PROVIDED RECORDS:

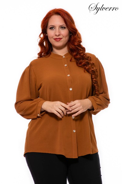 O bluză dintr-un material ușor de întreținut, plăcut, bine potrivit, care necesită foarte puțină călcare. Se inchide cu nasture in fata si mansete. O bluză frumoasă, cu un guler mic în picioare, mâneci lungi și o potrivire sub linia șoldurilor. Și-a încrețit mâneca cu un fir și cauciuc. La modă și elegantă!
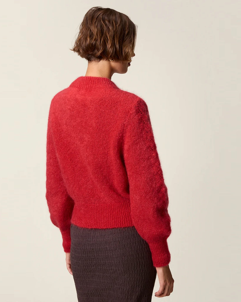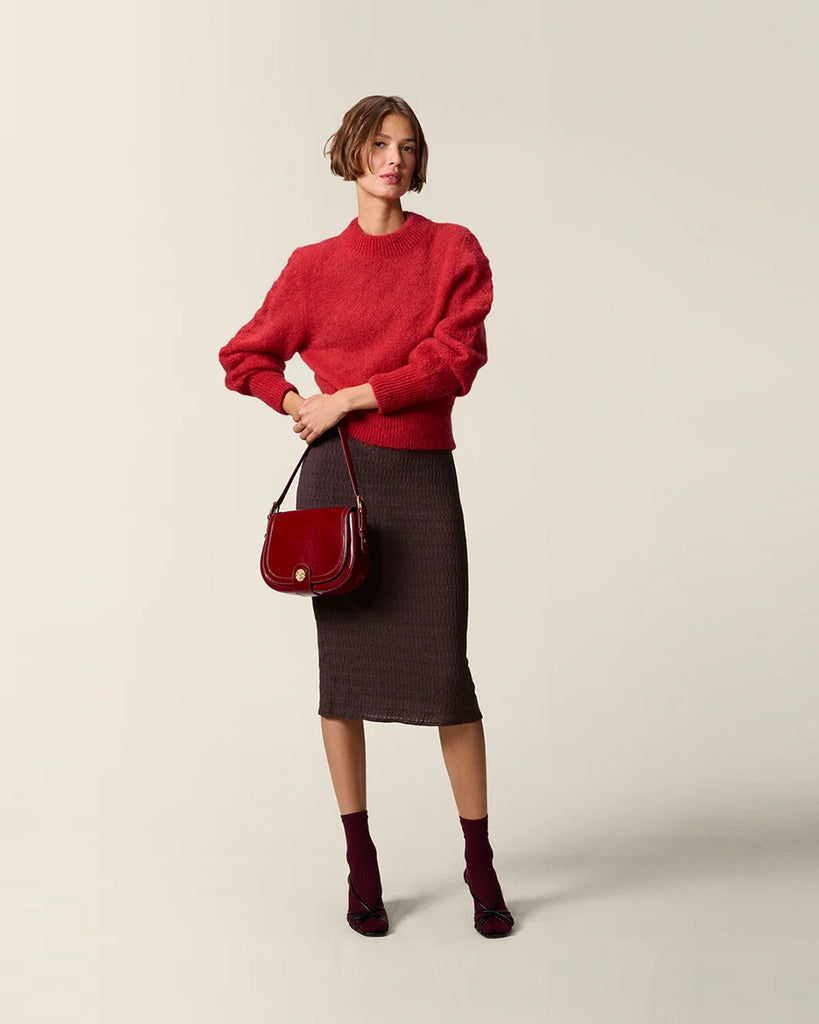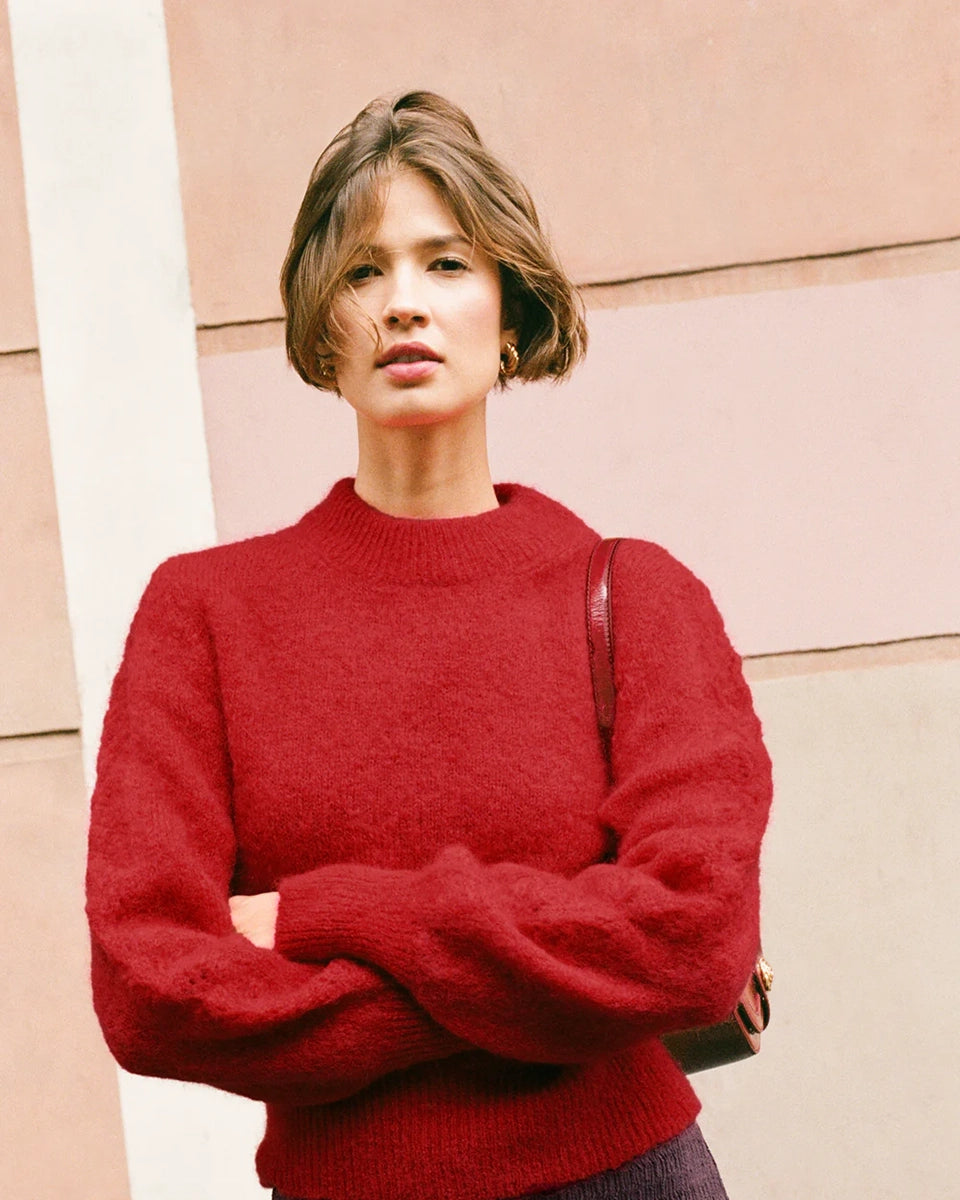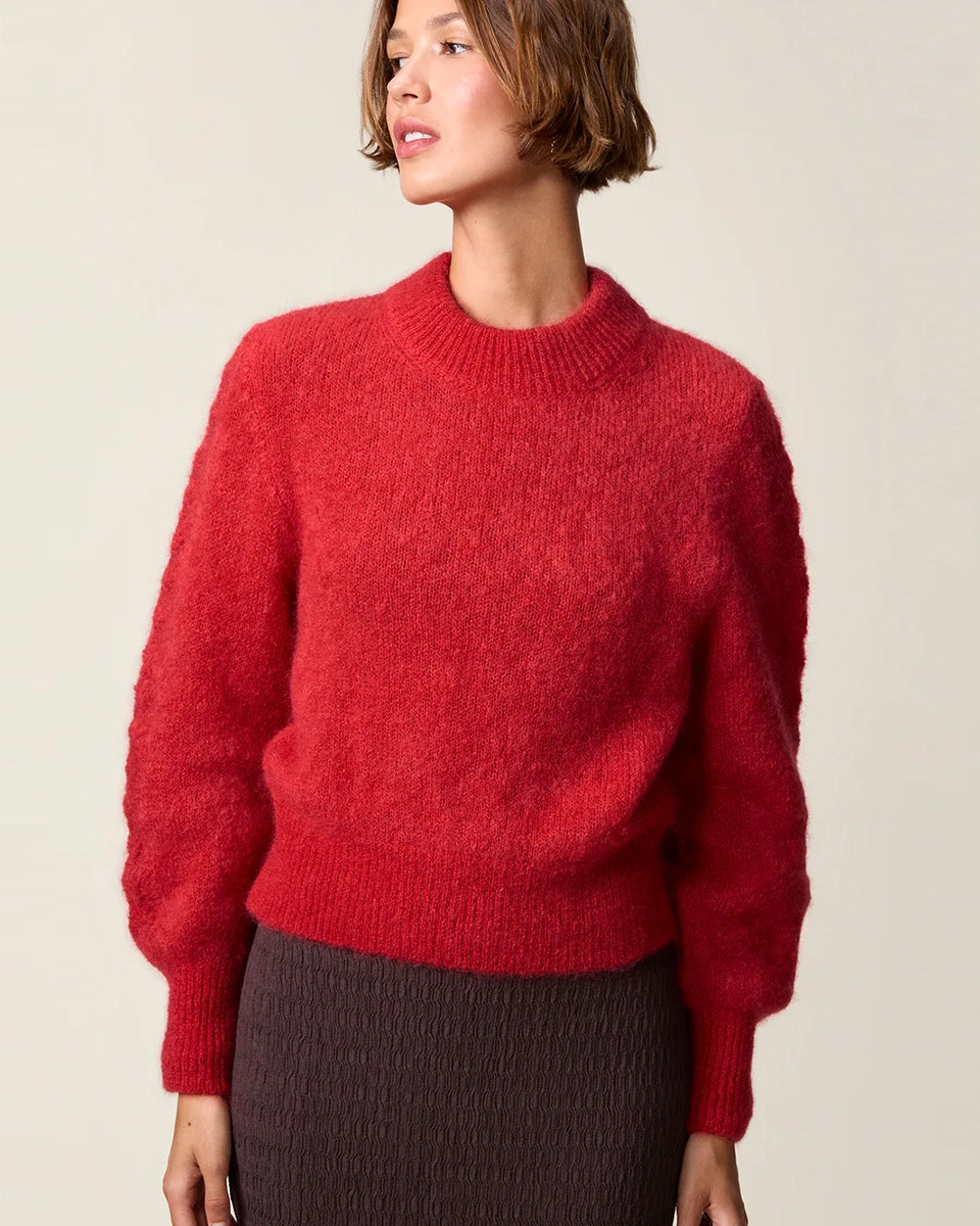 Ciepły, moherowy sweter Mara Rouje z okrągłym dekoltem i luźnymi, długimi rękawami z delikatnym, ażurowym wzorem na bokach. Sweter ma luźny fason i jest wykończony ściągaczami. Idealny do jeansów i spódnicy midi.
* * *
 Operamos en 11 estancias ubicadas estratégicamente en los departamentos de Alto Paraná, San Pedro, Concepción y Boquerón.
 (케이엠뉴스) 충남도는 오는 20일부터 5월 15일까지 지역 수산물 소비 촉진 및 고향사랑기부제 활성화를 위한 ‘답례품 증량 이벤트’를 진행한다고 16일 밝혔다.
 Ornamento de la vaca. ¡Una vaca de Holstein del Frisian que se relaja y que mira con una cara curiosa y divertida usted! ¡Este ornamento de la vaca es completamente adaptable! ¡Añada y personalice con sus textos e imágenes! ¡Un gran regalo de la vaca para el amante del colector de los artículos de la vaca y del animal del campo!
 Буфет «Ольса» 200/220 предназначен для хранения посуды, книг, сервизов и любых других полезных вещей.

WHAT YOU NEED TO DO: Using the data above, output the line that has "O bluză dintr-un", the line that has "Ciepły, moherowy sweter", and whatever lines fall between, each exactly as it stands and without pictures.

ANSWER TO THE EXERCISE:
 O bluză dintr-un material ușor de întreținut, plăcut, bine potrivit, care necesită foarte puțină călcare. Se inchide cu nasture in fata si mansete. O bluză frumoasă, cu un guler mic în picioare, mâneci lungi și o potrivire sub linia șoldurilor. Și-a încrețit mâneca cu un fir și cauciuc. La modă și elegantă!
 Ciepły, moherowy sweter Mara Rouje z okrągłym dekoltem i luźnymi, długimi rękawami z delikatnym, ażurowym wzorem na bokach. Sweter ma luźny fason i jest wykończony ściągaczami. Idealny do jeansów i spódnicy midi.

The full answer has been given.